# Spears 1" Heavy Duty Gate Valve



## TankCla (Dec 31, 2010)

Anyone uses Spears 1" Heavy Duty Gate Valve for main drain?
I am curious if it fits the 1" pvc pipe. All gate valves I saw so far are made in metric system and they don't fit 1" white pvc pipe from HD, made in imperial system.
Also, looks like it's threaded not slip.

http://www.jlaquatics.com/phpstore/store_pages/product-info.php?product_ID=pl-gv1


----------



## nc208082 (Jun 27, 2013)

I ordered a regular gate valve from spears through reef supplies and it fits the regular 1" pvc fine. I dont see too much of a difference in the heavy duty and the regular one. Plus reef supplies is cheaper and you can get slip or threaded.
Hth


----------



## TankCla (Dec 31, 2010)

Thanks!
Placed an order now.


----------



## rickcasa (Dec 7, 2011)

+1 RS valves are the perfect match for HD pipes.
Let me know if you need a1.5" spears.

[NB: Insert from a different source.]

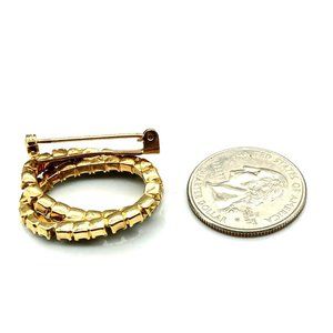 Sparkling Green Interlocking Rings Brooch, Vintage Double Ovals with Prong Set Crystals, Minimalist Glam in Gold Tone, Lapel or Scarf Pin

I have 1 left from my build.


----------



## TankCla (Dec 31, 2010)

My drain is 1". Sorry!


----------



## TankCla (Dec 31, 2010)

nc208082 said:


> I ordered a regular gate valve from spears through reef supplies and it fits the regular 1" pvc fine. I dont see too much of a difference in the heavy duty and the regular one. Plus reef supplies is cheaper and you can get slip or threaded.
> Hth


I just installed the gate valve from RS. 
Wow! I say wow! Took me 1 min to get the right flow. Super easy compared to crapy ball valve.

Thanks guys!


----------